Backtesting an algorithmic trading strategy using Machine Learning and Sentiment Analysis.

Overview

Trading Tesla with Machine Learning and Sentiment Analysis

An interactive program to train a Random Forest Classifier to predict Tesla daily prices using technical indicators and sentiment scores of Twitter posts, backtesting the trading strategy and producing performance metrics.

The project leverages techniques, paradigms and data structures such as:

  • Functional and Object-Oriented Programming
  • Machine Learning
  • Sentiment Analysis
  • Concurrency and Parallel Processing
  • Direct Acyclic Graph (D.A.G.)
  • Data Pipeline
  • Idempotence

Scope

The intention behind this project was to implement the end-to-end workflow of the backtesting of an Algorithmic Trading strategy in a program with a sleek interface, and with a level of automation such that the user is able to tailor the details of the strategy and the output of the program by entering a minimal amount of data, partly even in an interactive way. This should make the program reusable, meaning that it's easy to carry out the backtesting of the trading strategy on a different asset. Furthermore, the modularity of the software design should facilitate changes to adapt the program to different requirements (i.e. different data or ML models).

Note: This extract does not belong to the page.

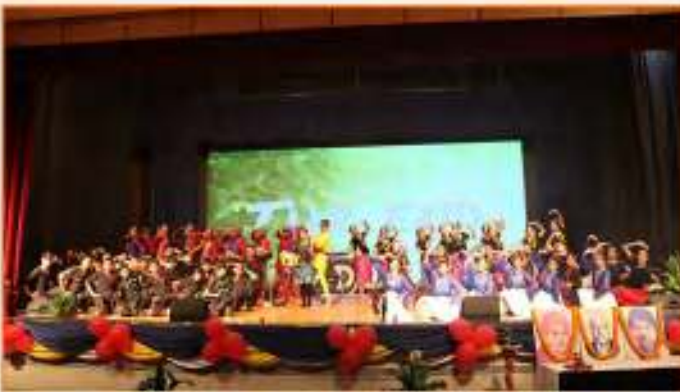
A group of students presenting a cultural dance during the Family Jamboree of Grade VII.

Strategy Backtesting Results

The Random Forest classifier model was trained and optimised with the scikit-learn GridSearchCV module. After computing the trading signals predictions and backtesting the strategy, the following performances were recorded:

Performance Indicators Summary
Return Buy and Hold (%) 273.94
Return Buy and Hold Ann. (%) 91.5
Return Trading Strategy (%) 1555.54
Return Trading Strategy Ann. (%) 298.53
Sharpe Ratio 0.85
Hit Ratio (%) 93.0
Average Trades Profit (%) 3.99
Average Trades Loss (%) -1.15
Max Drawdown (%) -7.69
Days Max Drawdown Recovery 2

drawdown

returns

Running the Program

This is straightforward. There are very few variables and methods to initialise and call in order to run the whole program.

Let me illustrate it in the steps below:

  1. Provide the variables in download_params, a dictionary containing all the strategy and data downloading details.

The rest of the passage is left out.